Between mid-2018 and 2020, Amirull prepared to travel to Gaza and take up arms alongside AQB.

He researched travel routes, intending to fly to Cairo before reaching Gaza, and practised how to handle an assault rifle using a self-made AK-47 replica.

“He was focused on the AK-47 as he believed that he would be issued one by AQB based on what he had read about the group,” ISD said.

Amirull planned to make the journey after November this year, after completing his full-time National Service and saving enough money by working as a chef.


In July 2019, Amirull watched a CNA documentary on the Jewish community in Singapore and was enraged that Jews here were “thriving peacefully” while Palestinians were “suffering overseas”, ISD said.
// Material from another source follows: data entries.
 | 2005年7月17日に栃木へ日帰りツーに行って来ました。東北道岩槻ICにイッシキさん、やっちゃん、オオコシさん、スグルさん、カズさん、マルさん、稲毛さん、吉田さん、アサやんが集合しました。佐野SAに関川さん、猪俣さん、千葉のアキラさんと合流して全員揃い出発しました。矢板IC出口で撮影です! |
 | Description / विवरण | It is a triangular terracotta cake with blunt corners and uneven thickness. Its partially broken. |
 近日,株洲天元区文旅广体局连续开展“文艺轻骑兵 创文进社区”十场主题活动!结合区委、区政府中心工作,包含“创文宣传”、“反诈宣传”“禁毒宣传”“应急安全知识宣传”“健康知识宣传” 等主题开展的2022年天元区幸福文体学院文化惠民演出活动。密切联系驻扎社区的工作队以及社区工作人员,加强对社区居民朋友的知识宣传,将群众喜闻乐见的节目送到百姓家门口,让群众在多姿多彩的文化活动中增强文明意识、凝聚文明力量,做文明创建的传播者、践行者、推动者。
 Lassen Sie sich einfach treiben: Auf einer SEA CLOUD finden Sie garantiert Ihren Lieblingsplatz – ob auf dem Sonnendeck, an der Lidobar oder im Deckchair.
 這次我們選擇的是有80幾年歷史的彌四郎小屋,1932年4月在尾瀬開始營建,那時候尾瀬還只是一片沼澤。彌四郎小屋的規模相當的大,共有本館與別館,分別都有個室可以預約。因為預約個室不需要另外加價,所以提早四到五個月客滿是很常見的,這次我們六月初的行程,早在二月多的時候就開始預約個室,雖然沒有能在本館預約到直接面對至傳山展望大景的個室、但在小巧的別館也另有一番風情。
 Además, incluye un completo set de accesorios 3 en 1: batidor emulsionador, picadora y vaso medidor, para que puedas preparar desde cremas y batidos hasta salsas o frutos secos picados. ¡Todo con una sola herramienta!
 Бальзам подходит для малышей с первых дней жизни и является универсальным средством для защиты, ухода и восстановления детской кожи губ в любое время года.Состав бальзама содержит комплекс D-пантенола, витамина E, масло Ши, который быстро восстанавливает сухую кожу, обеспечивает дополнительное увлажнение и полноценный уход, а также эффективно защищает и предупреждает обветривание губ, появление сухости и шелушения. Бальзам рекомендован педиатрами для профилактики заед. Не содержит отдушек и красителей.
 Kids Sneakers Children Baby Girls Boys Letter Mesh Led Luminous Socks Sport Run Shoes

This was when he decided to attack Jews at the synagogue, ISD said.

Knowing that it would be difficult to buy a firearm in Singapore, Amirull decided to use a Smith and Wesson knife he had originally bought in 2016 for scouting activities.

“To prepare himself for the attack, he downloaded an image of the human vascular system which he used to identify the mid-section as the best place to stab his intended victims to inflict a quick death from massive bleeding,” ISD said.

He also made a replica PVC knife to practise handling it at home and avoid damaging the actual knife or injuring himself, ISD said.

From his recce trips to the synagogue, Amirull identified a spot along its exterior wall to ambush his potential victims. He was careful not to take pictures during these trips to avoid attracting attention, and downloaded an image for reference instead, ISD said.

When carrying out the attack, he intended to conceal his face with a white keffiyeh, or traditional Arabian headdress, and would return home afterwards to post a manifesto online.

“The aim of the manifesto was to incite all oppressed people to mount attacks against tyrannical regimes using ‘any means necessary’, including ‘assasinat(ion)’ and ‘vigilante justice’,” ISD said.

In October 2019, Amirull had second thoughts about his attack plan after he was concerned about not attaining martyrdom should he be arrested and sentenced to death.

“In his mind, martyrdom could only be achieved by fighting in an actual battlefield in Gaza,” ISD said.

Nevertheless, Amirull revisited his plan in December last year when he became enraged by an online video on the killing of an unarmed and autistic Palestinian man by Israeli forces, ISD said.

“He considered mounting the attack on Christmas Day (Dec 25, 2020), and planned to wear a black ski mask instead of the white keffiyeh,” ISD said.

Amirull had bought the ski mask in March last year with the intention of wearing it when he joined AQB in Gaza, as he had seen the group’s fighters wearing similar masks.

“However, he eventually shelved his attack plans, as he remained concerned about not attaining martyrdom,” ISD added.


ISD said its investigations so far indicate that Amirull had acted alone, with no sign of him trying to influence anyone with his radical outlook or involve others in his attack plans.

“His immediate family and others in his social circles were not aware of his attack plans,” it added.

ISD said it will take firm action against any individual in Singapore who supports, promotes, undertakes or makes preparations to undertake armed violence, regardless of how they rationalise such violence or where it takes place.

“In Amirull’s case, he wanted to engage in violence both at home and abroad. He made detailed plans and preparations to kill Jews in Singapore, and was held back only because he was uncertain if he would achieve martyrdom from doing so,” ISD said.

“If Amirull had remained undetected, he might have eventually carried out his attack plans in Singapore or travelled abroad to undertake armed violence.”

ISD said it is important for the public to remain vigilant to signs of radicalisation in the community, so it can “intervene early to avert a tragedy”.

These signs include avid consumption of radical materials, expressions of an “us versus them” mentality, or interest in travelling overseas to participate in armed conflict.

“Anyone who knows or suspects that a person has been radicalised should promptly contact the ISD Counter-Terrorism Centre hotline at 1800-2626-473,” it stated.